What the task requires |
With the pictures omitted, print exactly the lines below, from the one containing "内装も、タイらしい絵が貼って" through the one containing "4. Drawing on", and nothing else.

Input |
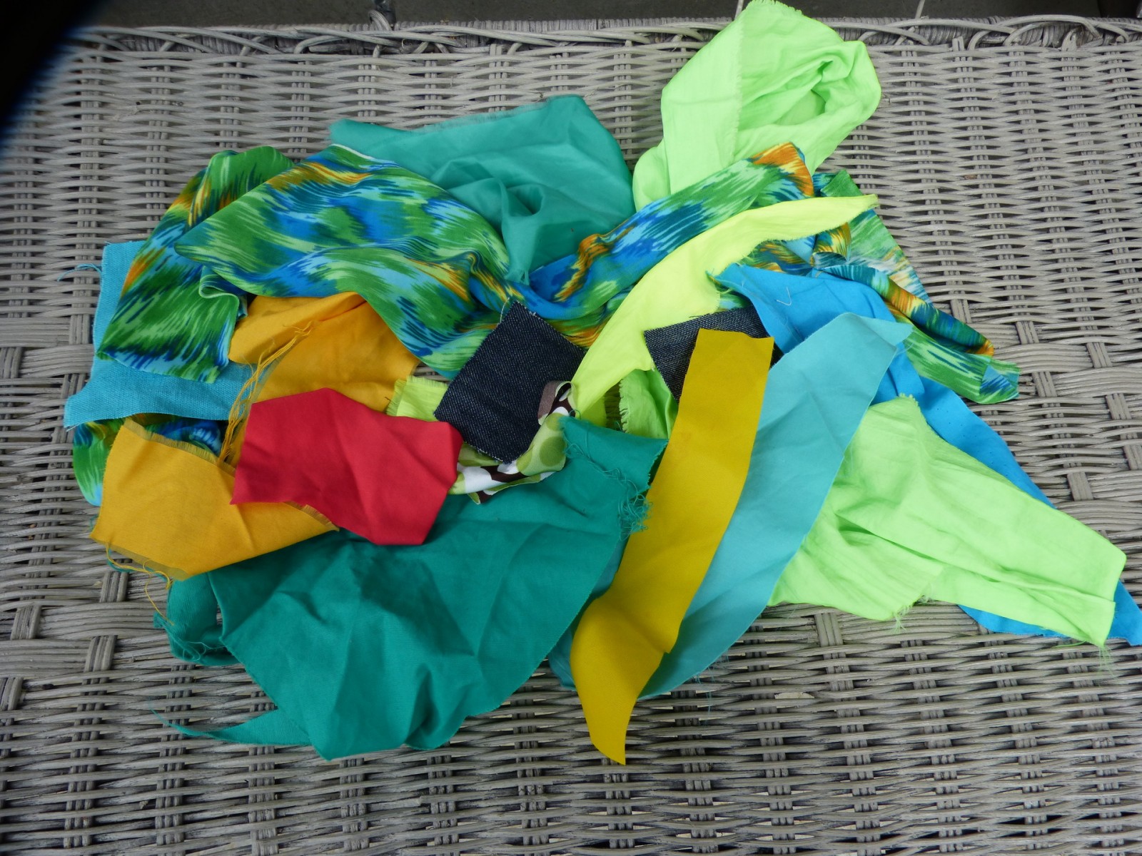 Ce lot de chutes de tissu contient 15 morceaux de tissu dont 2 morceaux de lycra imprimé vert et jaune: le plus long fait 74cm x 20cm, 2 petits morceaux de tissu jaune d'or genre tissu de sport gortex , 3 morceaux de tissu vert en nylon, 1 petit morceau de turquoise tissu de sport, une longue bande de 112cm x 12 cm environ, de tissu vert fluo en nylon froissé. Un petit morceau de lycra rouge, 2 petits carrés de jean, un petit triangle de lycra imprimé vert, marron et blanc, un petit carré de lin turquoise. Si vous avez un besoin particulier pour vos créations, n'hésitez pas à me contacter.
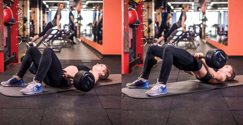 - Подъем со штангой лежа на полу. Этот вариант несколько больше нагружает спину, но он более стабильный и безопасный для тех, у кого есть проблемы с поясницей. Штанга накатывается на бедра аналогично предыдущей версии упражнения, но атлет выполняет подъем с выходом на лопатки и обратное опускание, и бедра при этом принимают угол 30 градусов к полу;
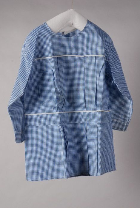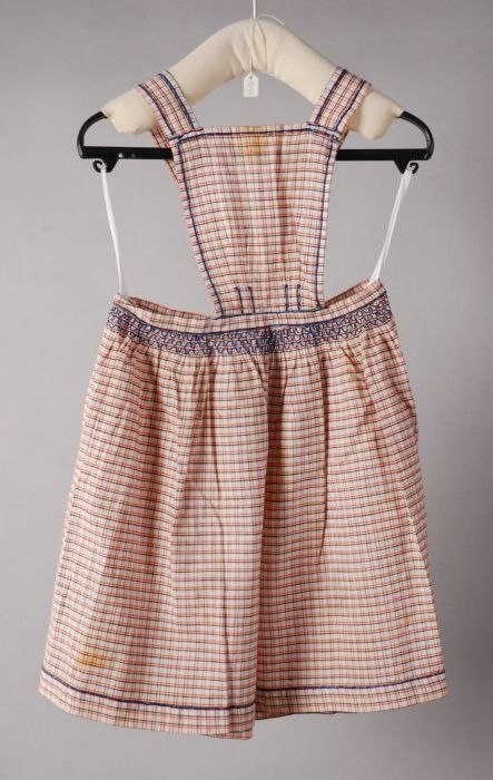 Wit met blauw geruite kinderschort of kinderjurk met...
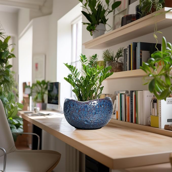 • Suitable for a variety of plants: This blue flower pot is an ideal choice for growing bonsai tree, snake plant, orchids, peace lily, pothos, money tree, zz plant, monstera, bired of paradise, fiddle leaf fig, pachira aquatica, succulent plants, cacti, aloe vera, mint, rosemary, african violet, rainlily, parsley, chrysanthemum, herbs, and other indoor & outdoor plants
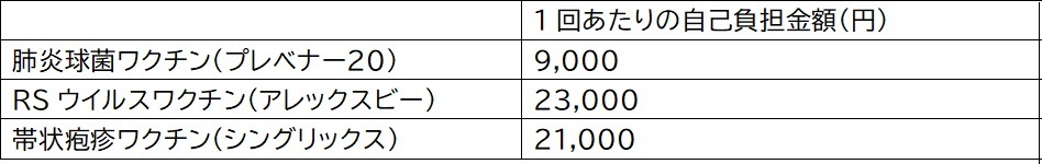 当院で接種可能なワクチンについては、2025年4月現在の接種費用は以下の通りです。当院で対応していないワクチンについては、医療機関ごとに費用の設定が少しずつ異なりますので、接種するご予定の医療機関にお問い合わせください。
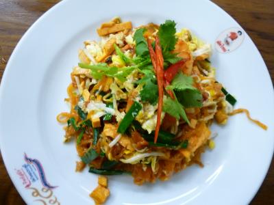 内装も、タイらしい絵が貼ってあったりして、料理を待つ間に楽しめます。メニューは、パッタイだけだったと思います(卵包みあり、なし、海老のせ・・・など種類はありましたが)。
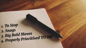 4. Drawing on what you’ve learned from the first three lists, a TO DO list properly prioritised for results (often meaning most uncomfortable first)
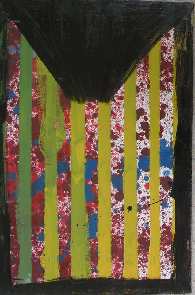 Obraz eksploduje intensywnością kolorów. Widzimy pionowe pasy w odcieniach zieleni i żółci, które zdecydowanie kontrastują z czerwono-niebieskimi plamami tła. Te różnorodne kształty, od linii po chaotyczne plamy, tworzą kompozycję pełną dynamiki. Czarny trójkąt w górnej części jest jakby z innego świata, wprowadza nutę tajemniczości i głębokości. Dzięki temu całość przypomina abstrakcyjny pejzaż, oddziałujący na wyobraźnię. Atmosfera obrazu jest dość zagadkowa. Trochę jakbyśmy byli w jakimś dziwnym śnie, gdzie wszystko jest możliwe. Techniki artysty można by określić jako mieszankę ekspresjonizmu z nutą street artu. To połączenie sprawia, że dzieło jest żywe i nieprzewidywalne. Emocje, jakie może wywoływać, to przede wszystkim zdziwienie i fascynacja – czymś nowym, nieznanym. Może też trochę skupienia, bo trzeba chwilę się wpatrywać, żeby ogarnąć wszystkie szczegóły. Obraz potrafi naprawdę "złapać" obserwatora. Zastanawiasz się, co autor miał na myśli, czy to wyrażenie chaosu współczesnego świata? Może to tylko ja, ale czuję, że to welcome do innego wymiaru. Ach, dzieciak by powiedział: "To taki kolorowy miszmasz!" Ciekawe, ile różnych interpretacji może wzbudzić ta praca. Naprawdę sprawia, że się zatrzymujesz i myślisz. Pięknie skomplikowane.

...

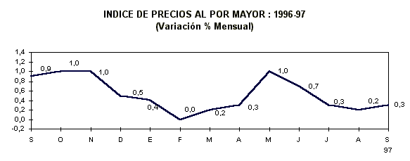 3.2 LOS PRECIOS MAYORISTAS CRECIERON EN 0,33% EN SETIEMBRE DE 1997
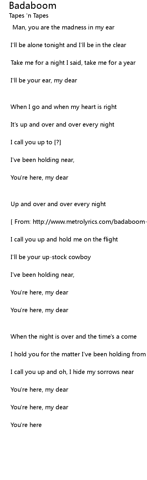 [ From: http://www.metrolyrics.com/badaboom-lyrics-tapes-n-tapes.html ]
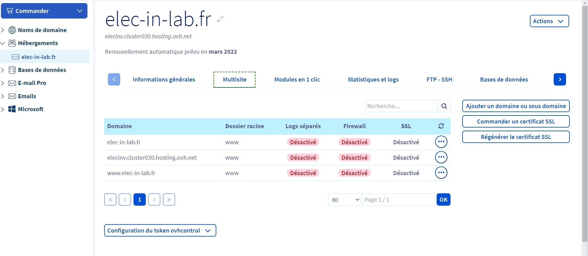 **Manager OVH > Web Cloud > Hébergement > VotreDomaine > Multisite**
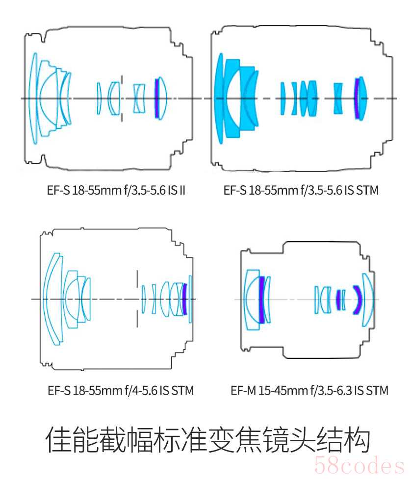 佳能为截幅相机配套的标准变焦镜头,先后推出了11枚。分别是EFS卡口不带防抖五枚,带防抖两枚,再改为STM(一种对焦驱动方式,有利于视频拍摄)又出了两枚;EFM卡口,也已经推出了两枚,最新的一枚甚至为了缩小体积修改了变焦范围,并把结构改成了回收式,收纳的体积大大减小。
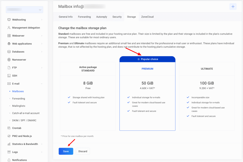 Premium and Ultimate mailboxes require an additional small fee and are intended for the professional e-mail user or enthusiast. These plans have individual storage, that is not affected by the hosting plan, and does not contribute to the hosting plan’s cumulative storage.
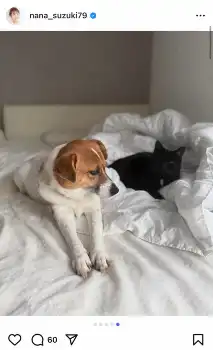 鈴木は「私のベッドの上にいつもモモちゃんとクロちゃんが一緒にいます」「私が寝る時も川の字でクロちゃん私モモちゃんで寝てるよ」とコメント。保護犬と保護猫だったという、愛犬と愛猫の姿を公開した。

...

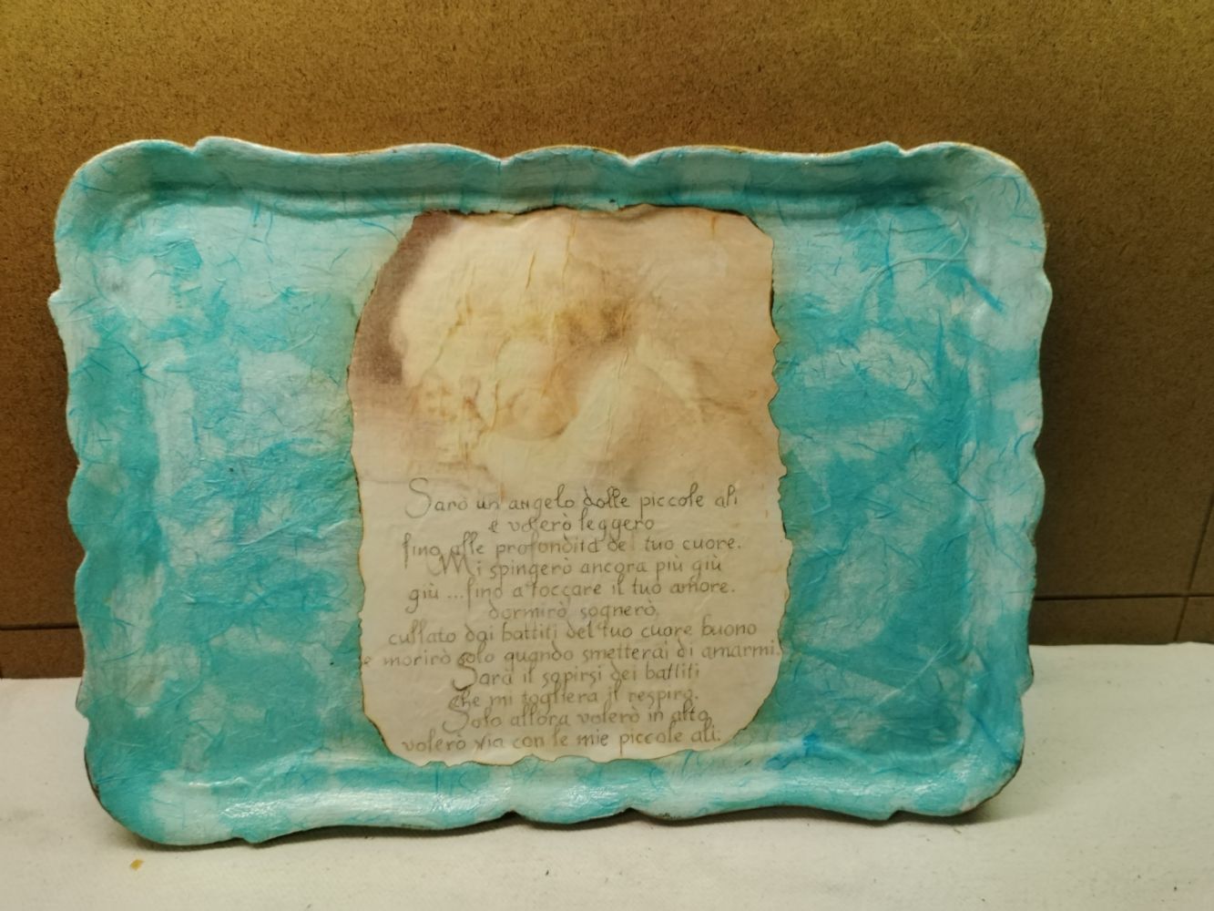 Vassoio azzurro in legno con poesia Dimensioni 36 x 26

Output for this task |
 内装も、タイらしい絵が貼ってあったりして、料理を待つ間に楽しめます。メニューは、パッタイだけだったと思います(卵包みあり、なし、海老のせ・・・など種類はありましたが)。
 4. Drawing on what you’ve learned from the first three lists, a TO DO list properly prioritised for results (often meaning most uncomfortable first)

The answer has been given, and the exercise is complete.